We present DualNER, a simple and effective framework to make full use of both annotated source language corpus and unlabeled target language text for zero-shot cross-lingual named entity recognition (NER). In particular, we combine two complementary learning paradigms of NER, i.e., sequence labeling and span prediction, into a unified multi-task framework. After obtaining a sufficient NER model trained on the source data, we further train it on the target data in a {\it dual-teaching} manner, in which the pseudo-labels for one task are constructed from the prediction of the other task. Moreover, based on the span prediction, an entity-aware regularization is proposed to enhance the intrinsic cross-lingual alignment between the same entities in different languages. Experiments and analysis demonstrate the effectiveness of our DualNER. Code is available at https://github.com/lemon0830/dualNER.

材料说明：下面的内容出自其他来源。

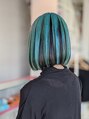 トップのみをブリーチし、それ以外はトーンダウン。ブリーチ部分にはマーメイドグリーンをON。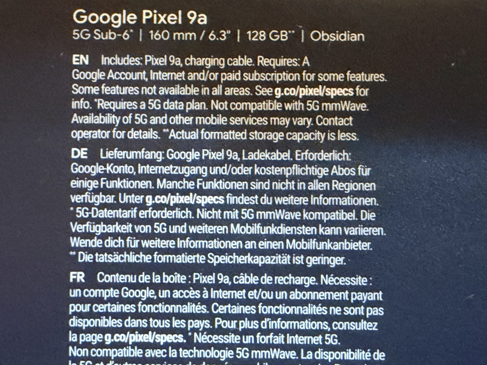 Google Pixel 9a -Obsidian - 128Gb - Unlocked - Mint Condition

Contrastive learning has become a new paradigm for unsupervised sentence embeddings. Previous studies focus on instance-wise contrastive learning, attempting to construct positive pairs with textual data augmentation. In this paper, we propose a novel Contrastive learning method with Prompt-derived Virtual semantic Prototypes (ConPVP). Specifically, with the help of prompts, we construct virtual semantic prototypes to each instance, and derive negative prototypes by using the negative form of the prompts. Using a prototypical contrastive loss, we enforce the anchor sentence embedding to be close to its corresponding semantic prototypes, and far apart from the negative prototypes as well as the prototypes of other sentences. Extensive experimental results on semantic textual similarity, transfer, and clustering tasks demonstrate the effectiveness of our proposed model compared to strong baselines. Code is available at https://github.com/lemon0830/promptCSE.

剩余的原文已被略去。